Lana sat back and ran her hands through her hair.
That made sense. As a nurse, she knew that potassium chloride overdose mimicked heart attack symptoms, and since heart attacks released a large amount of potassium chloride in the blood anyway, there was no real way to prove foul play without evidence, which was what Kim helped her get rid of.
“Does she have proof of any of this?”
“Apparently, she does.”
Maureen sat back down on the edge of the bed now and smoothed her hair back and wiped her face.
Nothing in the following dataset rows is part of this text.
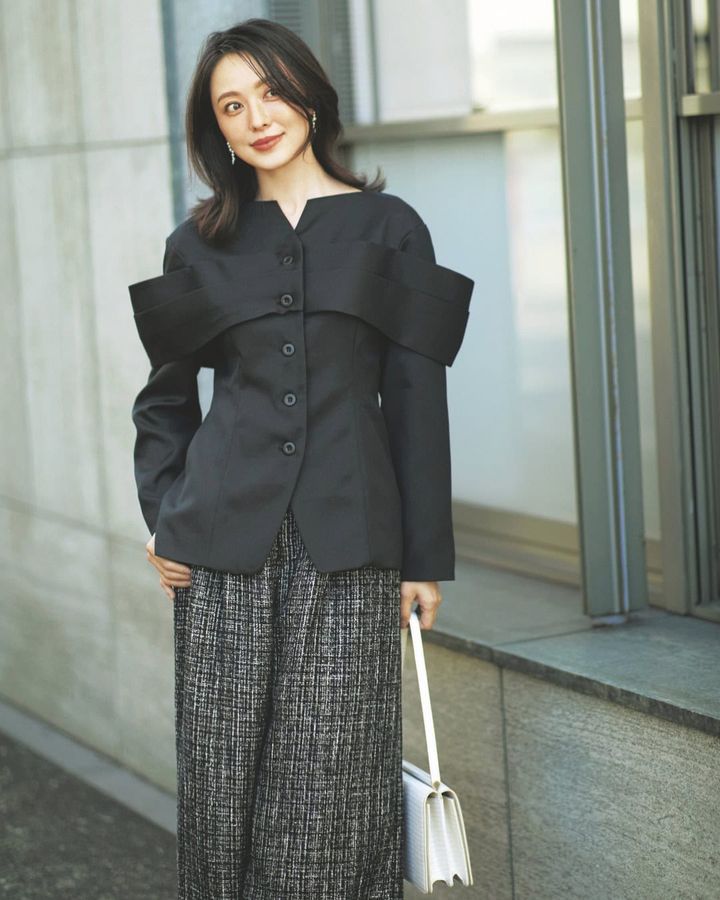 ジャケット¥10,980パンツ¥6,980(ともにべベッド)ブラウス¥17,600(ジャスグリッティー/ジャスグリッティー プレスルーム)バッグ¥68,200(メゾン カナウ/ヤマニ)シューズ¥19,250(ダイアナ/ダイアナ 銀座本店)ピアス¥17,600(シトラリー)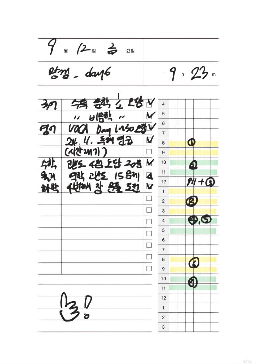 하지만 그날 공부할 분량을 적고, 저녁에 그 칸을 체크하면서 ‘이건 해냈다’는 표시를 하는 것만으로도 신기하게 마음이 정리되는 기분이 들었습니다. 공부 자체보다도 ‘해냈다’는 기록에 의지하면서 하루를 버티게 된 거죠. 그러다 보니 점점 플래너 작성이 좋은 의미의 중독처럼 제 삶에 자리 잡게 되었습니다. 결국 이 습관이 저만의 안정적인 수능 루틴으로 자리 잡았습니다.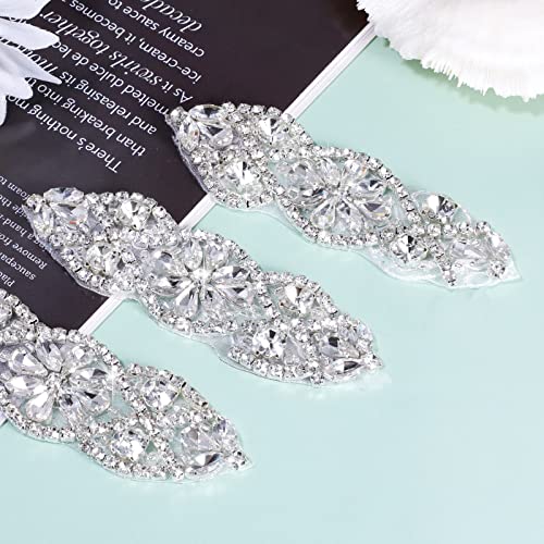 SAVITA 3 Pezzi Applicazioni di Strass, 9,5 x 3 cm Toppe Termoadesive con Strass, Decorazioni di Cristallo, Rhinestone Applique per la Sposa Vestiti Cintura Vestito (Argento)

“If the board knew why Vince committed suicide, they’d have never let me run the company. They’d have voted me out as CEO or liquidated their stock, and Capshaw Realty would’ve been done. I couldn’t lose everything we’d built.”
She stood again and covered her mouth as more tears flowed down her face. Lana sat in astonishment, hearing the details of what happened, and prayed none of those traits lay dormant in Kayden.
“The only thing that would give us the push we needed was the insurance claim. I was able to pull us out of the fat by investing in new development deals, eventually.”
Lana stood from the chair and looked at Maureen, her red face a mess, a far different woman than the one who so strategically tried to ruin her not long ago.
“And the insurance policy wouldn’t pay out in the event of suicide, am I correct?”
Maureen shook her head and sank to the floor.
“It was a newer policy; we’d had it for less than two years, so no, they wouldn’t pay the premium. Our finances were tied up with so many projects across different states… we were leveraged to the max. I couldn’t let all we worked for go down the drain, Lana.”